Já se ouviam sirenes de carros-patrulha por todos os lados. Atirou a seringa para a corrente e recostou-se. Tinha de se pôr a andar. Tirou do estojo a última seringa. Continha um antibiótico de largo espectro. Endireitou-se e encontrou um pedaço de pele debaixo do colete à prova de bala. Fez a agulha atravessar o tecido da camisa e nem uma picada sentiu. Sem saber como poderia tornar a colocar o estojo de primeiros socorros e considerando que fizera basicamente tudo o que podia, deixou tudo cair no rio turvo. Fitou a arma por um segundo e quase a atirou também, mas decidiu não o fazer. No sítio para onde ia teria bastantes oportunidades para se livrar dela. Agarrou na arma com a mão que estava bem, virou-a ao contrário e inseriu a ponta do silenciador no coldre. Quando acabava de a encaixar, ouviu vozes à sua direita. Estava ciente da temperatura da água, da velocidade da corrente e de aproximadamente quanto tempo aguentaria até que a hipotermia o matasse.

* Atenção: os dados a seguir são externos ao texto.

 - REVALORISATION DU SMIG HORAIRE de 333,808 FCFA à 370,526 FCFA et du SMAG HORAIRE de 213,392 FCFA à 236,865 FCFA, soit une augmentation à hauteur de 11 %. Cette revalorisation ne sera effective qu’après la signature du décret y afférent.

Com as vozes a aumentarem de volume, Rapp deslizou o traseiro para a beira, agarrou a pedra com a mão direita e passou silenciosamente do parapeito para a água. Mergulhou discretamente, com a sucção das roupas a puxá-lo para baixo. Sabia que não devia entrar em pânico. Assim que as roupas ficassem ensopadas, tornar-se-iam neutras. Veio à tona cinco segundos depois, com a corrente já a levá-lo para oeste. Inspirou calmamente e ignorou o frio da água escura, dizendo a si mesmo que isso ajudaria o fluxo sanguíneo a abrandar. Nadaria descontraidamente pelo centro de Paris e, ao fim de umas horas, encontraria o sítio certo para voltar para terra.

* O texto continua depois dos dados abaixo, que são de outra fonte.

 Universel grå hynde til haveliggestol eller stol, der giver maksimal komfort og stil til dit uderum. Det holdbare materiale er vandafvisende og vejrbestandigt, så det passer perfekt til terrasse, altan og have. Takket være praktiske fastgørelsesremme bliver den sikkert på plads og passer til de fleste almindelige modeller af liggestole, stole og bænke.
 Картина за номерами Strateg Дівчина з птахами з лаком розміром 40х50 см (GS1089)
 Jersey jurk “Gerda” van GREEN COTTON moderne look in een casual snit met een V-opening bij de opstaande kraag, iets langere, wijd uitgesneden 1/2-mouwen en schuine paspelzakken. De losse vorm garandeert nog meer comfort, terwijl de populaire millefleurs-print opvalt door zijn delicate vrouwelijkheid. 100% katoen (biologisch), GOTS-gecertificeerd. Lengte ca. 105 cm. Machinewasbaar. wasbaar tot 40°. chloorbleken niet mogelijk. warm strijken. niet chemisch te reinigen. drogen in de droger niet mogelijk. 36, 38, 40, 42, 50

Virou-se de barriga para cima e foi dando suavemente às pernas com movimentos de tesoura debaixo de água. Ao deixar a escuridão relativa da ponte, olhou para o céu noturno e, por um brevíssimo momento, perguntou-se quantas pessoas teriam morrido naquele rio — e se o seu corpo seria apenas mais um para somar à contagem. Tal ideia fê-lo sorrir. Sempre a fim de um desafio, sentiu o modo de sobrevivência a entrar em ação, e disse a si mesmo que era tão certo sobreviver àquela noite como o sol nascer a oriente de manhã. Nessa altura, iria em busca de respostas. Algo correra tremendamente mal naquela noite e precisava de descobrir como fora que o inimigo se inteirara dele. Independentemente do que Irene Kennedy e os outros lhe ordenassem, não voltaria para os Estados Unidos para passar algum tempo no divã com o psicólogo residente de Langley.